**Prompt:** Write out the listing below without alteration, omitting its pictures.

**Recorded data:**
━━━━

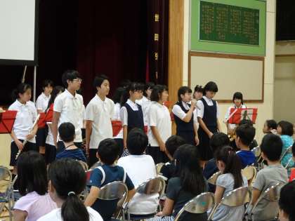 今日は小学生体験入学・新入生保護者説明会です。体育館では生徒会歓迎セレモニーが行われています。生徒会本部役員の自己紹介の後、校長先生からのお話がありました。(遠藤)
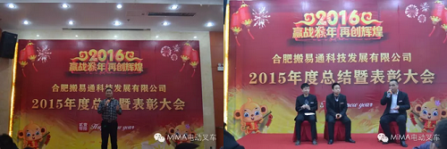 年会对于MiMA(米玛)电动叉车2015年度优秀员工、质量标兵、特别贡献员工进行了表彰,他们是我们每位员工学习的榜样,是每个搬易通人追逐的排头兵。
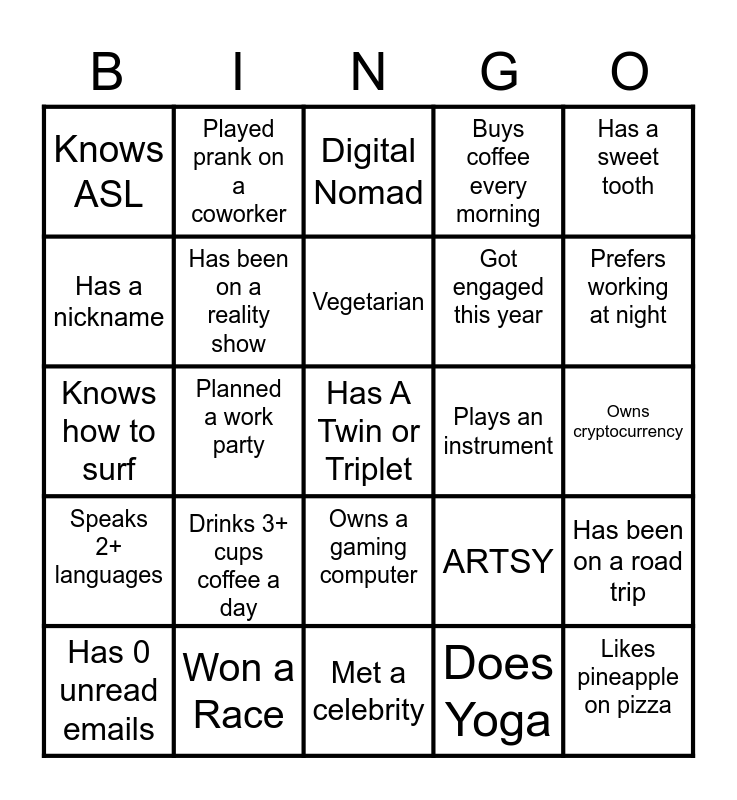 This bingo card has 25 words: Drinks 3+ cups coffee a day, Met a celebrity, Vegetarian, Has 0 unread emails, Has a sweet tooth, Knows ASL, Has a nickname, Played prank on a coworker, Plays an instrument, Owns a gaming computer, Got engaged this year, Knows how to surf, ARTSY, Has been on a road trip, Has been on a reality show, Likes pineapple on pizza, Owns cryptocurrency, Digital Nomad, Prefers working at night, Planned a work party, Has A Twin or Triplet, Won a Race, Speaks 2+ languages, Buys coffee every morning and Does Yoga.

━━━━

**The completed task:**
 今日は小学生体験入学・新入生保護者説明会です。体育館では生徒会歓迎セレモニーが行われています。生徒会本部役員の自己紹介の後、校長先生からのお話がありました。(遠藤)
 年会对于MiMA(米玛)电动叉车2015年度优秀员工、质量标兵、特别贡献员工进行了表彰,他们是我们每位员工学习的榜样,是每个搬易通人追逐的排头兵。
 This bingo card has 25 words: Drinks 3+ cups coffee a day, Met a celebrity, Vegetarian, Has 0 unread emails, Has a sweet tooth, Knows ASL, Has a nickname, Played prank on a coworker, Plays an instrument, Owns a gaming computer, Got engaged this year, Knows how to surf, ARTSY, Has been on a road trip, Has been on a reality show, Likes pineapple on pizza, Owns cryptocurrency, Digital Nomad, Prefers working at night, Planned a work party, Has A Twin or Triplet, Won a Race, Speaks 2+ languages, Buys coffee every morning and Does Yoga.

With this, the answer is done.